Короткий миг удачи(Повести, рассказы) - Кузьмин Николай Павлович (читать книги онлайн полностью без регистрации .TXT) 📗
— Щенок! — не выдержал Красильников и хлопнул по столу, обрывая разглагольствования обнаглевшего мальчишки. Какие говорливые, какие речистые пошли они нынче!..
— Тихо, тихо, — вмешался Семен поднимая голову. — Без скандала.
— Да как он смеет! — расходился Красильников, нисколько не сомневаясь, что все они здесь, пожалуй, против него заодно: и эта девчушка с порочными перепуганными глазенками, и циничный умный саксофонист, и с Пашкиным характером Олег, закусивший теперь удила, а в первую очередь, в самую первую — этот, напротив: Семен.
— Наверное, смеет, — тотчас вступился за своего Семен, все больше забирая право возражать и один на один вести неприятный разговор. — Пожалуй, даже точно можно сказать: смеет. Его право.
— Не смеет! Не имеет права! Никакого права! Слышишь?

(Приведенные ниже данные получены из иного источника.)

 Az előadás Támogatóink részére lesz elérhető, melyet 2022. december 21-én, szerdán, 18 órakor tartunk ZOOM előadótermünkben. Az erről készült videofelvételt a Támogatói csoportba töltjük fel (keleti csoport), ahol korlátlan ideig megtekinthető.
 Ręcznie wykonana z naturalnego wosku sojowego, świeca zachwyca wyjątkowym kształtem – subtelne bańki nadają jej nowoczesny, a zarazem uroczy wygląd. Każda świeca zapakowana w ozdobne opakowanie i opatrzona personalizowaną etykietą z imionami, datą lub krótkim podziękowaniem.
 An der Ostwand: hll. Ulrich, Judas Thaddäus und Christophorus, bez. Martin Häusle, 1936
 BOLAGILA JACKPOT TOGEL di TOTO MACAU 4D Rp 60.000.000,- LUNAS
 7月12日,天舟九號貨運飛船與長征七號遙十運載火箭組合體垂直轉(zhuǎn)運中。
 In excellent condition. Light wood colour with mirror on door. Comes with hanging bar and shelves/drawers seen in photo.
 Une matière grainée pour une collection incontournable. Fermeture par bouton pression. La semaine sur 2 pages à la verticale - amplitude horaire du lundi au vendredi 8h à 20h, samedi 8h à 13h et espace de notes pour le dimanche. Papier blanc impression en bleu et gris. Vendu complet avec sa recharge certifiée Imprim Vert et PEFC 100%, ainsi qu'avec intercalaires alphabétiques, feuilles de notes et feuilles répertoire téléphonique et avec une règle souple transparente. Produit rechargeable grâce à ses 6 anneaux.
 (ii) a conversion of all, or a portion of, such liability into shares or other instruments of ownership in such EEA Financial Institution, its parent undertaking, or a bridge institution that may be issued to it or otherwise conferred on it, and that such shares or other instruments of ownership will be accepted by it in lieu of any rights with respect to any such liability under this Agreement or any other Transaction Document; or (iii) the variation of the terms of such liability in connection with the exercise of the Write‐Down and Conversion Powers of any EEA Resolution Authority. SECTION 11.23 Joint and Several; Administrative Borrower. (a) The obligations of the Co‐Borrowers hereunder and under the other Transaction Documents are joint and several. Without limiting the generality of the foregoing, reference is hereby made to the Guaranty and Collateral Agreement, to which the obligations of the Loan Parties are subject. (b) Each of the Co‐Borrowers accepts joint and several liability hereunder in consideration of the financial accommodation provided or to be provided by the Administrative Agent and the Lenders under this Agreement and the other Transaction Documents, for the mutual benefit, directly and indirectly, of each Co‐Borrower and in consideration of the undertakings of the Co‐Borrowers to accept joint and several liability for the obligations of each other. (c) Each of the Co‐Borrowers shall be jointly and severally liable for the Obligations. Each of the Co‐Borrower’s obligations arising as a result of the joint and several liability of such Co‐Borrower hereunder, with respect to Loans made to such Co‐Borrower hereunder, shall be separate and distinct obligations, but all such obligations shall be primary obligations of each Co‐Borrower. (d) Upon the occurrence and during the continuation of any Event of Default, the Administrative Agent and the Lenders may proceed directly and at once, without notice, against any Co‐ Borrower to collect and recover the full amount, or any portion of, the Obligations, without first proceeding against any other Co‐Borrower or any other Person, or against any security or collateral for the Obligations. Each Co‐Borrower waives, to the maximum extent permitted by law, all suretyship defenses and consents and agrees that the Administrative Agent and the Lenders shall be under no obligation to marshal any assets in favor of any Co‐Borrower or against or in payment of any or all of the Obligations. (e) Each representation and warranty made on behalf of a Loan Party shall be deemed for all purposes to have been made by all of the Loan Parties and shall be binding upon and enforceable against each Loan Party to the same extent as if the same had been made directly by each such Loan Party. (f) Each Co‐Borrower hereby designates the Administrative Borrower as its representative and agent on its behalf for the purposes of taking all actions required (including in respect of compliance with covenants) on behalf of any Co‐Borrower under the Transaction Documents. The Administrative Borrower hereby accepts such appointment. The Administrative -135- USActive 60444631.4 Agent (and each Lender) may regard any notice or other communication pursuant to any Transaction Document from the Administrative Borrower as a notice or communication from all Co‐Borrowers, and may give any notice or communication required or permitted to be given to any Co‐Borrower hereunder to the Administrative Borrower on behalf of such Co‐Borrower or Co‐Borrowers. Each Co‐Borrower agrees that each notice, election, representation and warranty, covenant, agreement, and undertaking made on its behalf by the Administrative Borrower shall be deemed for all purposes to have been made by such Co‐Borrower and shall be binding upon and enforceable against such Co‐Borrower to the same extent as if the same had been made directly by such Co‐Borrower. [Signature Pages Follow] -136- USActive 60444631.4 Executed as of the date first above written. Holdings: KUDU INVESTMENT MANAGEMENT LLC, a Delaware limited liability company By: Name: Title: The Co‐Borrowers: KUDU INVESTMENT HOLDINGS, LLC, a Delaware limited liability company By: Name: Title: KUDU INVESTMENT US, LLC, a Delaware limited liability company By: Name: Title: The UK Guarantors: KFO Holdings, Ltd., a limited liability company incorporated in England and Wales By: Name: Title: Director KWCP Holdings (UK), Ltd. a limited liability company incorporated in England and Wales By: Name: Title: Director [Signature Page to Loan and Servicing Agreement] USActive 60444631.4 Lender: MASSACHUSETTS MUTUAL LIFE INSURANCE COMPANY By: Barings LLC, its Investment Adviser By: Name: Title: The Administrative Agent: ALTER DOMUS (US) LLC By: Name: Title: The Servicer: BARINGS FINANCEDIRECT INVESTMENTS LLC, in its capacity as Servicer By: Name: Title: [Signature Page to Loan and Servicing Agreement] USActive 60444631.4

Красильникову хотелось поддержки, сою шика, единомышленника, но видел он одни пустые взгляды равнодушных молодых людей, которых если что и волновало сейчас, так лишь назревающий скандал. Один Семен не смотрел ему в глаза, не поднимал головы, но усмехался краешком губ и только и делал, что вращал с ироническим видом фужер с раскисшим окурком. И эта тонкая ухмылка, это сознание собственного авторитета у не обломанных еще жизнью юнцов все больше выводили Красильникова из себя. Понимал, не понимал он, хромой беззубый подонок, что будет с этими ребятишками, попади они вдруг в смертельный переплет в какой-нибудь накрытой огнем воронке!
— Твоя работа? — спросил неожиданно Красильников, отбрасывая всяческую деликатность. — Чего молчишь?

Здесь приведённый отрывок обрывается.